Another problem is that TC Energy no longer owns the pipeline system that the XL was intended to complement. TC Energy spun off its oil pipelines business to a new company, South Bow, which has not indicated whether it would attempt to restart the multibillion-dollar project. 

Replacing the pipeline that has already been dug up would also require any company that wants to rebuild to go through the cumbersome process of obtaining local permits. With that comes pushback and likely large-scale protests from environmentalists and local Native American tribes who have repeatedly vowed to fight to protect the land. 

James Coleman, a law professor at the University of Minnesota, said a revamped Keystone XL project could be tied up in lengthy court battles like it had been in the past. 

“Different courts have taken different approaches on those claims, so they might not be as successful this time, or maybe they’ll have the same success,” Coleman said.

The Canadian government is also hesitant about backing the pipeline. 

Alberta Premier Danielle Smith said she’s interested in exploring ways to export oil to the U.S. but won’t put more public dollars into the Keystone XL effort. 
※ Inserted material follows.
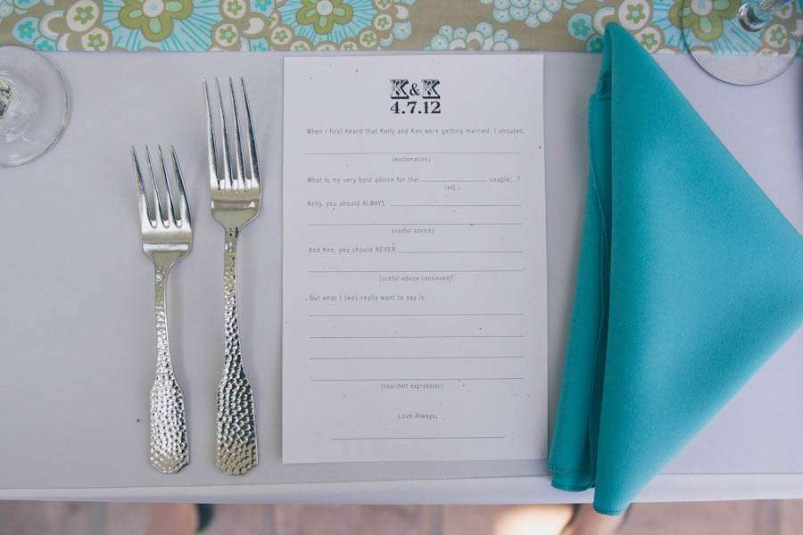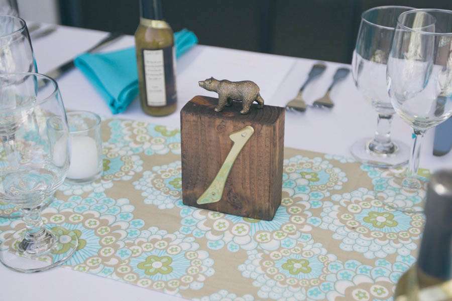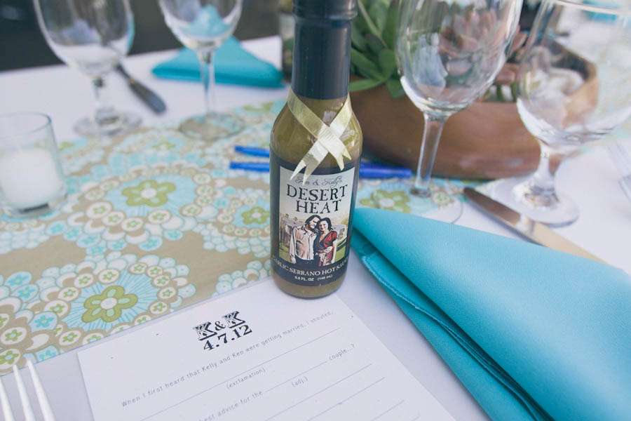 The couple added DIY elements to enhance the day. These included custom hot sauce as wedding favors to fit in with their Mexican themed dinner, the table runners and the spray painted animal figurines. “I also did a lot with small wood-working projects”, Kelly explained. “The test tube vases, table numbers, etc were all very simple and inexpensive wood projects. I also designed and printed all the paper goods to save cost: escort tags, ad-lib questionnaires (in lieu of traditional guest book) and programs.”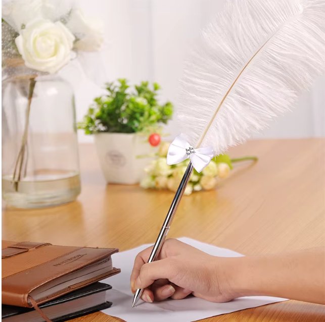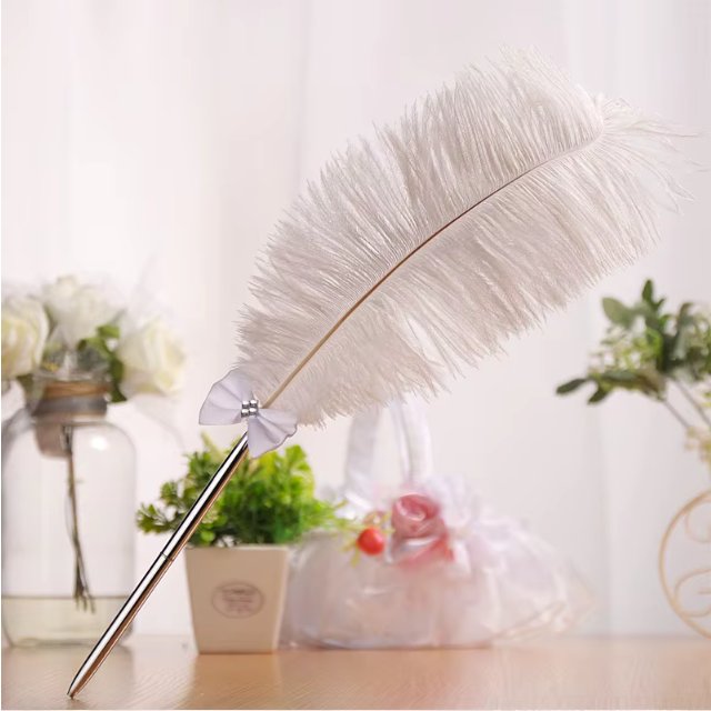 Materiál: pštrosie perie + kov. Vyrobené z luxusného pštrosieho peria a odolného kovu, toto pero kombinuje eleganciu s dlhou životnosťou.

“We’re looking to make connections with the United States, to see their appetite for assisting in helping to get more product going into the United States,” Smith said. “Maybe de-risking the project involves having an American partner, an American pipeline company, partner with our companies here. We just don’t think the best way of doing it is putting government dollars into it, but we think there are other things we can do to change the risk profile.”

The economic case for sending Canadian crude to the Gulf Coast via the pipeline is also less attractive because U.S. oil output has surged to record levels. Canada’s shipments of oil to the U.S. have also reached record levels this year, but those barrels have been moved through a recently built link to the West Coast. 

Then there’s the matter of Trump’s threat of imposing a 25% tariff on Canadian exports, which would clobber the country’s energy industry, whose No. 1 export market is the U.S.

CLICK HERE TO READ MORE FROM THE WASHINGTON EXAMINER

Dennis McConaghy, a former TC Energy executive who was involved in the pipeline’s original plans, told Canada’s CBC that it’s “nonsensical to be advocating revival of XL while hanging these tariffs over Canada.”

For now, people such as Cox are in a holding pattern of uncertainty. Again.